◆ WORK INSTRUCTION
Here is the task for the listing below: output exactly the lines from the one containing "Boka frakt? Det" through the one containing "Read MoreBy Joshua", and leave out the pictures.

======== WORKING DATA

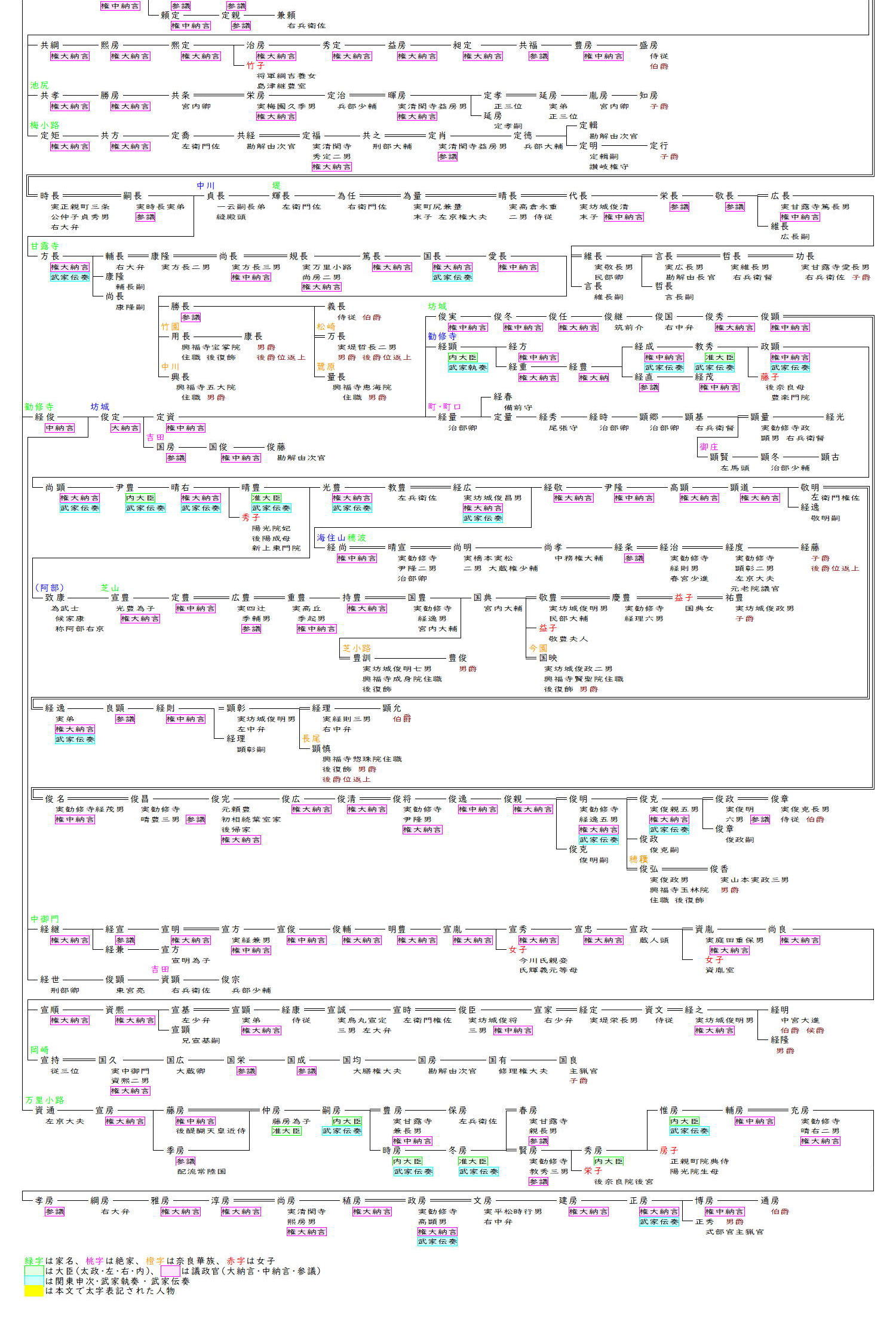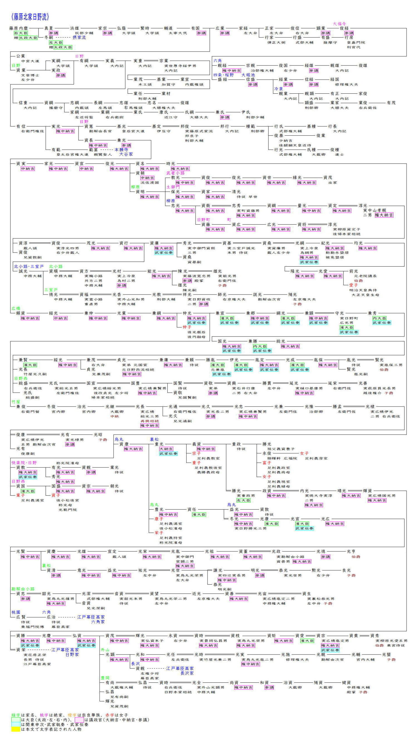 最後に坊城参議為房の次男顕隆を祖とする葉室家です。顕隆は父為房より家嫡とされ兄為隆より官位昇進が早く権中納言まで昇りました。顕隆は白河法皇の近臣として信任を得、「夜の関白」と称されるほどの権勢を誇りました。しかし顕隆の死後は勧修寺家伝来の所領や家伝の文書類を多く伝領した為隆の流れが嫡流となっていきました。顕隆の孫光頼は平氏政権樹立に尽力し、光頼には光雅・宗頼の二子がいましたが、光雅の系統は南北朝時代頃に断絶し、宗頼流は頼親が伏見院政の執権を勤め、光忠は将軍足利義材に寵用されるも、明応の政変で殺害されました。その曾孫定藤が天正8年(1580)に没すると養子相続が続きましたが、教忠・頼孝・頼要は従一位に昇り、頼胤は准大臣に昇り武家伝奏に補されました。
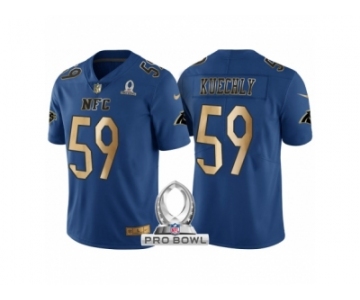 Men Carolina Panthers #59 Luke Kuechly NFC 2017 Pro Bowl Blue Gold Limited Jersey
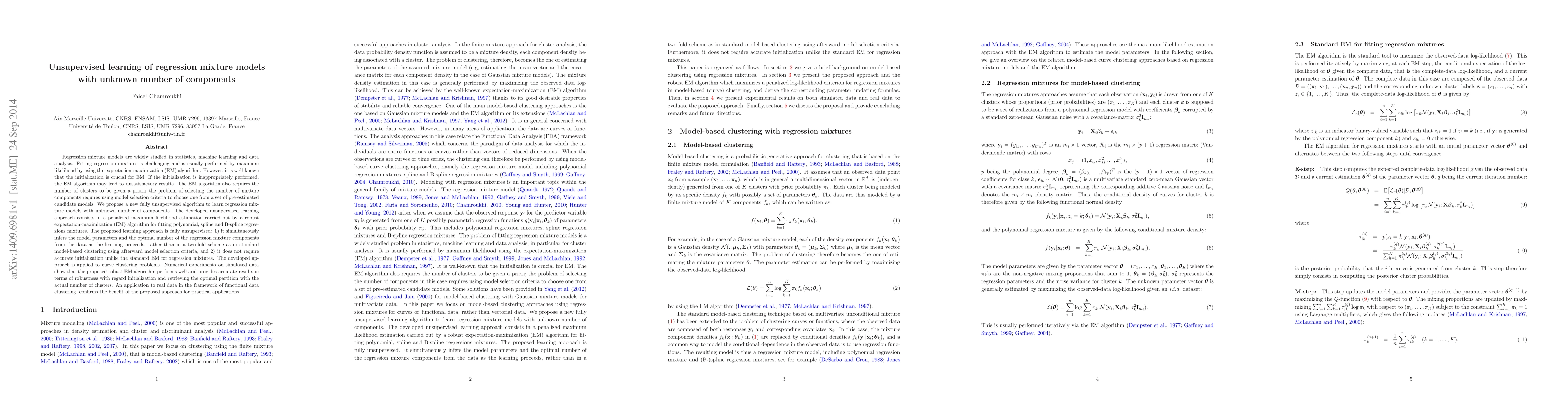 This paper proposes a fully unsupervised algorithm for learning regression mixture models without requiring the number of components to be specified in advance. The method uses a robust expectation-maximization algorithm for penalized maximum likelihood estimation, which simultaneously infers the optimal number of components and model parameters, demonstrating robustness and accuracy in both simulated and real data applications.
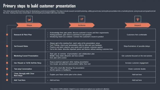This slide represents the primary steps for developing a customer presentation. The steps include research and pitch planning, setting ground rules, turning the presentation into a marketing funnel, using visuals and graphics to tell the story, making a two-way conversation, and closing the presentation with clear next steps. Showcasing this set of slides titled Primary Steps To Build Customer Presentation Diagrams Pdf. The topics addressed in these templates are Steps, Actions, Impact. All the content presented in this PPT design is completely editable. Download it and make adjustments in color, background, font etc. as per your unique business setting. This slide represents the primary steps for developing a customer presentation. The steps include research and pitch planning, setting ground rules, turning the presentation into a marketing funnel, using visuals and graphics to tell the story, making a two-way conversation, and closing the presentation with clear next steps.
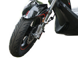 Bánh trước với giảm sóc dầu đằng cấp Xe máy điện V5 sử dụng vành đúc La zăng độ bền cao, chống rỉ sẽ và kiểu dáng thời trang. Ở giữa là thắng đĩa lớn, được đồng bộ với tay lái giúp người điều khiển dễ dàng làm chủ tốc độ của xe. Bao quanh bánh xe là lốp cao su không ruột có mặt tiếp xúc lớn, giúp xe vận hành dễ dàng qua các dạng địa hình khác nhau. Toàn bộ phần bánh trước được nối với thân xe thông qua cặp giảm sóc dầu lớn được sản xuất theo công nghê của xe gắn máy. |
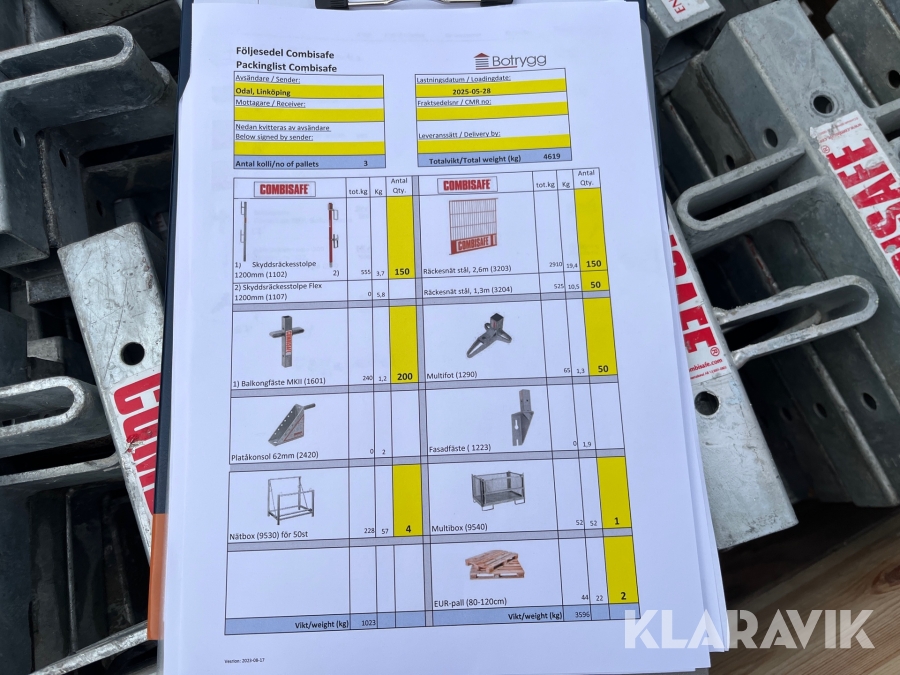 Boka frakt? Det finns ingen specifik information om frakt för just det här objektet, men om du skickar oss en förfrågan via vårt fraktformulär, så undersöker vi möjligheten. Paket, EU-pall eller större maskin? Klaravik har fraktavtal med Schenker och i de fall vi kan hjälpa till med frakt gäller det objekt som ryms i paket eller inom en EU-pall (upp till 120*80 cm och 990 kg). Det går att beställa frakt inom Sverige, dock inte till utlandet. Vid frakt på större maskiner rekommenderar vi gärna transportföretag som du kan kontakta.
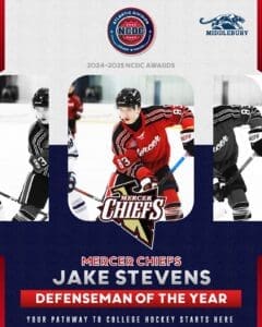 Read MoreBy Joshua Boyd / USPHL.com The National Collegiate Development Conference congratulates Jake Stevens of the Mercer Chiefs for being named the 2024-25 Atlantic Division Defenseman Of The Year. “It is such an honor and privilege to receive this award and to think I am now a part of the incredible players to win this…
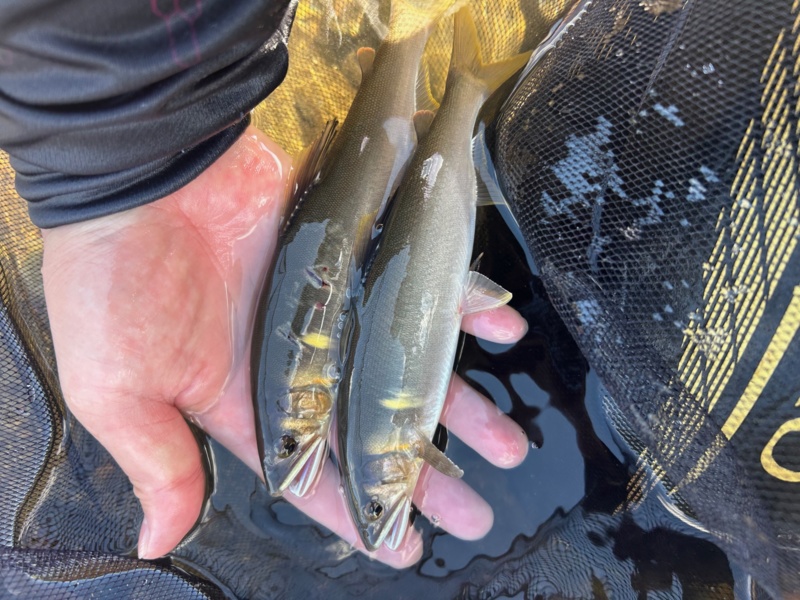 平均サイスは18cm程度で大鮎サイズの時期に物足りないかもしれませんが、ピチピチ真っ黄色の海産鮎が目印を飛ばしてくれる感覚は最高ですね!
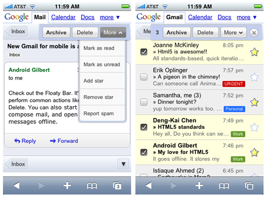 A Google frissítette a GMail mobile online elérhető változatát, mely számos új funkcióval kecsegtet az Apple iPhone, iPod Touch és Android modellek felhasználói számára. Az új funkciók kiaknázásához nincs szükség szoftver telepítésére, ugyanis a kód kizárólag a beépített böngésző HTML5 támogatását, valamint Apple modellek esetén az SQLite, míg Android mobiloknál a Gears adatbázis-támogatást használja. Az új GMail mobile oldal már offline módban is képes leveleket szerkeszteni, valamint a korábban megjelenített levelek is megtekinthetők, ha azok még az átmeneti háttértárban vannak. Az offline üzemmód bevezetése mellett a mobil variáns kezelőfelülete is sokat fejlődött, melyben a lebegő menük alkalmazása lehetővé tette, hogy a legfontosabb funkciók görgetés során is a képernyőn maradjanak. Az új szolgáltatások kiaknázáshoz elegendő ellátogatni a GMail oldalára.
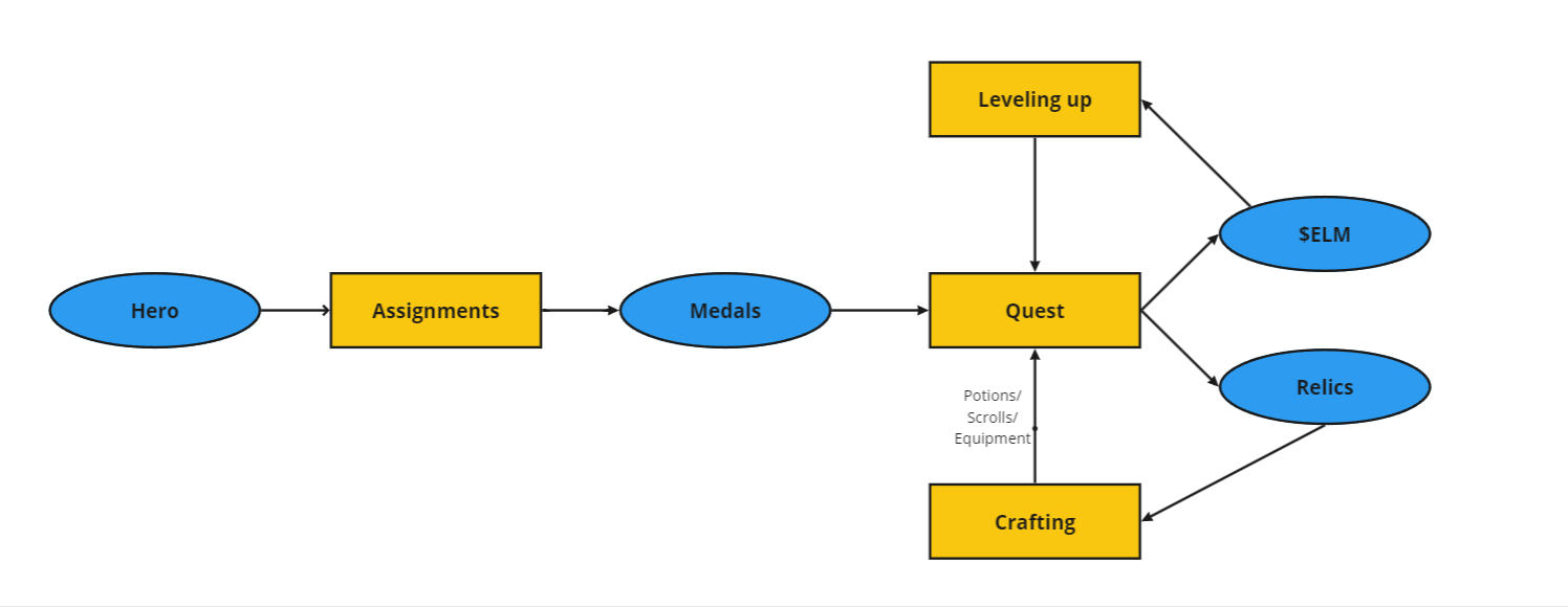 3. Send the Hero on [Quests ](https://docs.talesofelleria.com/gameplay-prologue/game-features/questing)using $MEDALS to earn $ELM (ERC-20) and Relics (NFTs)
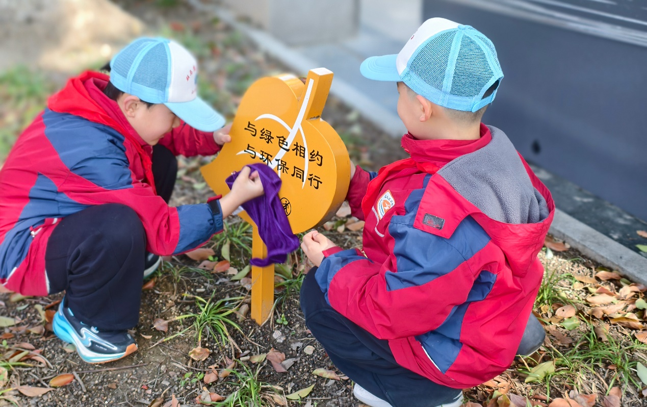 活动当天,同学们身穿整齐的校服,精神饱满。在清洁家园环节,孩子们手持清洁工具,投入到劳动中。他们三五成群,分工协作:有的细心捡拾绿化带中的纸屑、塑料袋,有的认真擦拭公共设施。在校园附近的一处绿地旁,两名同学正蹲在地上,仔细擦洗一块写着“与绿色相约 与环保同行”的标识牌。另一处,一名女生正用垃圾夹小心翼翼地从花坛中夹起杂物,神情专注。孩子们不怕脏、不怕累,身影在春日阳光下跃动,成为亮丽的风景。
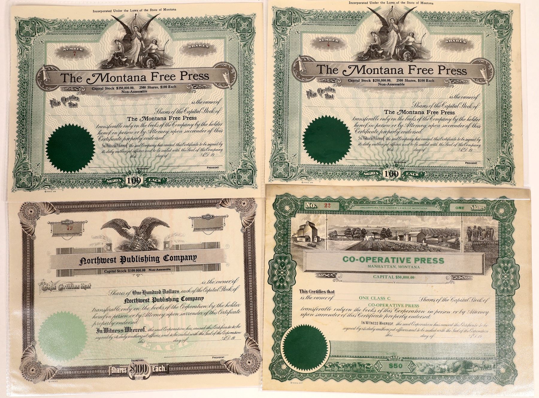 Lot of 4, all unissued. 1) The Montana Free Press. Unissued stocks no. 4 and 7, green border and seal, black print, allegorical vignette. Independent newspaper in Butte, c. 1920s. 2) Co-Operative Press. Manhattan, Montana. Green border and seal, black print, and farming vignettes. 3) Northwest Publishing Company. Black border and print, green seal, and eagle vignette. Published two newspapers in Missoula.
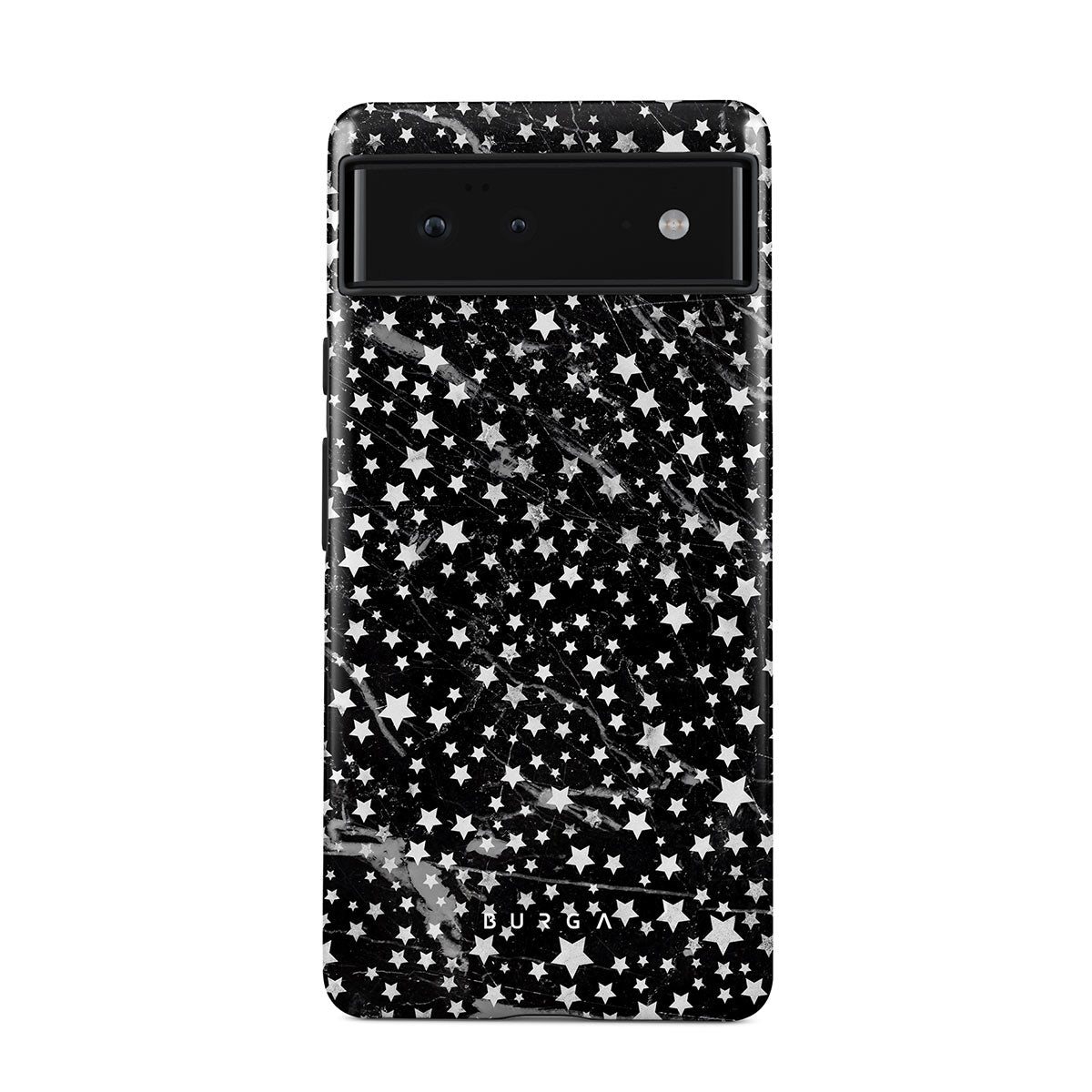 Google Pixel 6 phone case is inspired by the sky above us. Here the charming star pattern meets with a trendy black and white marble. Add the unique combination to your wardrobe and transform your protective phone case into a fashion accessory.
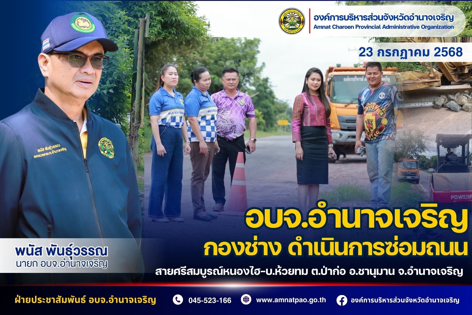 นายพนัส พันธุ์วรรณ นายก อบจ.อำนาจเจริญ มอบหมายให้นางสาวณิชชา พันธุ์วรรณ ที่ปรึกษาพิเศษ นายก อบจ.อำนาจเจริญ พร้อมด้วยนางชัญชดา สายมงคล สมาชิกสภา อบจ.อำนาจเจริญ (อ.ชานุมาน เขต2) และกองช่าง ลงพื้นที่ตรวจสอบถนนชำรุดสายบ้านศรีสมบูรณ์หนองไฮ-บ้านห้วยทม ต.ป่าก่อ อ.ชานุมาน จ.อำนาจเจริญ
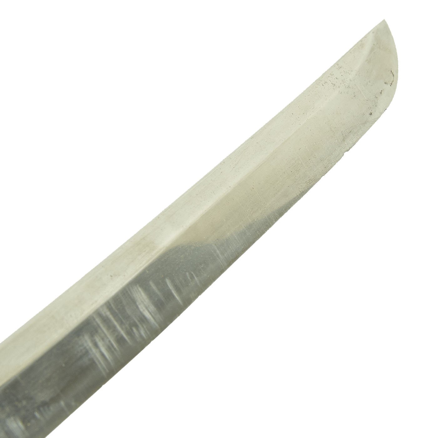 The blade does have several flaws, known as kizu or "wounds" in the blade. These are from delamination of the folded steel, caused by air-bubbles during the forging process. They are somewhat common, and proof that the blade is hand-made. The lines are known as "splits" (ware), and there are also several "blisters" (fukure). The blade does have some minor corrosion on the edge and blade body.
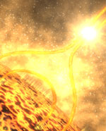 Previously, scientists believed that the particles in the solar atmosphere were accelerated when they were dragged along with the magnetic field as it snapped to a new shape, like a stone in a slingshot. However, if it were this simple, all the particles would be shot in the same direction. The new observations from RHESSI show that this is not so; heavier particles (ions) end up in a different location than lighter particles (electrons).
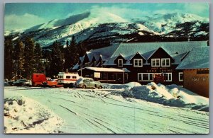 Postcard Lake Louise Alberta c1961 Winter Scene Post Hotel Old Cars Trucks
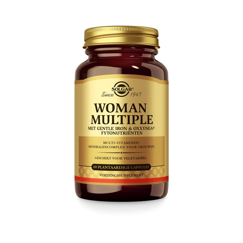 Solgar Woman Multiple is een premium multi die volgens de laatste inzichten, zorgvuldig samengesteld is voor vrouwen met een actieve leefstijl. Het complex is compleet in vitaminen en mineralen en bevat de geregistreerde vorm van vitamine C (Ester-C®), de actieve vorm van folaat (Metafolin®), ijzer in maagvriendelijke vorm (Gentle Iron) en vitamine B6 als pyridoxine en P-5-P. Aangevuld met kruiden-, groente- en fruitextracten (Oxxynea®) is deze formule specifiek afgestemd op vrouwen.

================

◆ TASK ANSWER
 Boka frakt? Det finns ingen specifik information om frakt för just det här objektet, men om du skickar oss en förfrågan via vårt fraktformulär, så undersöker vi möjligheten. Paket, EU-pall eller större maskin? Klaravik har fraktavtal med Schenker och i de fall vi kan hjälpa till med frakt gäller det objekt som ryms i paket eller inom en EU-pall (upp till 120*80 cm och 990 kg). Det går att beställa frakt inom Sverige, dock inte till utlandet. Vid frakt på större maskiner rekommenderar vi gärna transportföretag som du kan kontakta.
 Read MoreBy Joshua Boyd / USPHL.com The National Collegiate Development Conference congratulates Jake Stevens of the Mercer Chiefs for being named the 2024-25 Atlantic Division Defenseman Of The Year. “It is such an honor and privilege to receive this award and to think I am now a part of the incredible players to win this…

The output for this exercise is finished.